Das Phänomen der Genrevermischungen und die BBC-Serie "Doctor Who" in der Analyse


Hausarbeit (Hauptseminar), 2014

20 Seiten, Note: 1,0


Leseprobe

INHALT

1. EINLEITUNG

2. WAS IST EIN GENRE?

3. DAS SCIENCE-FICTION-GENRE

4. ZEITREISEN

5. GENREVERMISCHUNGEN

6. ANHALTSPUNKTE FÜR GENREVERMISCHUNGEN IN ‚DOCTOR WHO‘ .
6.1. DER DOKTOR
6.2. DIE WERKZEUGE
6.3. DIE GEGNER
6.4. ÜBERGÄNGE IN DER ZEIT

7. SCHLUSSFOLGERUNGEN

8. LITERATUR

Anlage

Selbstständigkeitserklärung

Abkürzungen

Abbildung in dieser Leseprobe nicht enthalten

1. EINLEITUNG

Moderne Literatur sowie Filme und Serien sollten ihren Rezipienten Etwas bieten, was ihrer Meinung nach neu und noch nie da gewesen ist. Mit jedem neuen Roman und Drehbuch wird die Messlatte für diese Ansprüche höher gelegt. Doch wie kreiert man etwas noch nie Dagewesenes? Eine Möglichkeit, auf die in der heutigen Gesellschaft gerne zurückgegriffen wird, ist, etwas ‚Altes‘ mit etwas ‚anderem Alten‘ zu kombinieren. So wird ein klassisches Genre wie der Western im Film, zum Beispiel in Cowboys vs. Aliens, mit dem Science-Fiction-Genre vermischt und es entsteht eine Millionenproduktion. Die Fragen, die daraus resultieren, sind: Gibt es überhaupt noch eine Grenze? Wenn beliebige klassische Motive einfach miteinander vermischt werden, existiert dann überhaupt noch so etwas wie ein Genre?

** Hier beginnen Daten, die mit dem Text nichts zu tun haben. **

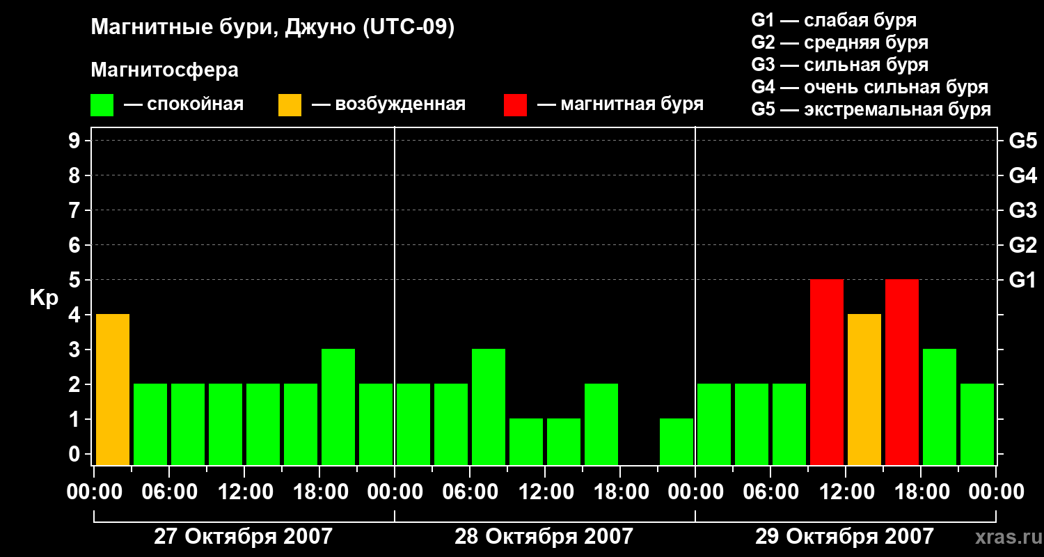 Изменения геомагнитного индекса Kp с 27 по 29 октября 2007 года для средних широт

In der Antike gab es lediglich drei unterschiedliche Formen, in denen literarische Werke entstanden sind. Die sogenannten Naturformen[1], wie bereits Goethe sie nannte, waren die ‚Dramatik, Epik und Lyrik‘. Schon damals hatten die Gattungen keine fest definierten Eigenschaften, wie es auch heute noch ist, wodurch es noch schwieriger wird, ein Werk überhaupt in eine Gattung einzuordnen. Und doch ist die Literaturwissenschaft darum bemüht „eine möglichst präzise Abgrenzung der literarischen Gattungen voneinander“ zu erwirken, um überhaupt die Entstehung neuer Theorien möglich zu machen[2]. Nur so ist es auch möglich zu prüfen, ob die „durch Begriffsprägung als Gruppe zusammengefassten Texte“ tatsächlich als Gattung bezeichnet werden können[3]. Eine genaue Definierung und Prüfung ist allerdings erst im Nachhinein möglich, da diese neuen Gruppen meist „auf eine Transformation bereits existierender Gattungen zurückzuführen ist“.Diese Transformationen stellen sich zumeist als Subgattung dar, bevor sie als eigene Gattung anerkannt werden[4]. So spaltet sich beispielsweise im 18. Jahrhundert der Begriff Roman, der eine Gattung darstellt, in die Subgattungen fiktionaler und nichtfiktionaler Roman auf. Grundsätzlich sind sich Literaturtheoretiker nicht einig darüber, wie genau Gattungen entstanden bzw. zu verstehen sind. So erklärt u. A. André Jolles 1930[5], dass die „Grundbausteine für die komplexere(n) literarische(n) Gattungen“ Transformationen von „außerliterarischen Diskurstypen“ sind. Diese wie er sie bezeichnet „vorliterarischen Gattungen“ sind Legenden, Sagen, Mythen, Rätsel, Sprüche, Märchen, Witze, Memorabile und Kasus. Wilhelm Voßkamp[6]dagegen sieht „Gattungen als Antwort auf gesellschaftliche Bedürfnislagen“ und Probleme. Wenn die bestehenden Gattungen keine Möglichkeit mehr bieten, diese

Bedürfnisse zu befriedigen, ist es nötig, neue Gattungen zu erschaffen, die diesen Problemen gewachsen sind.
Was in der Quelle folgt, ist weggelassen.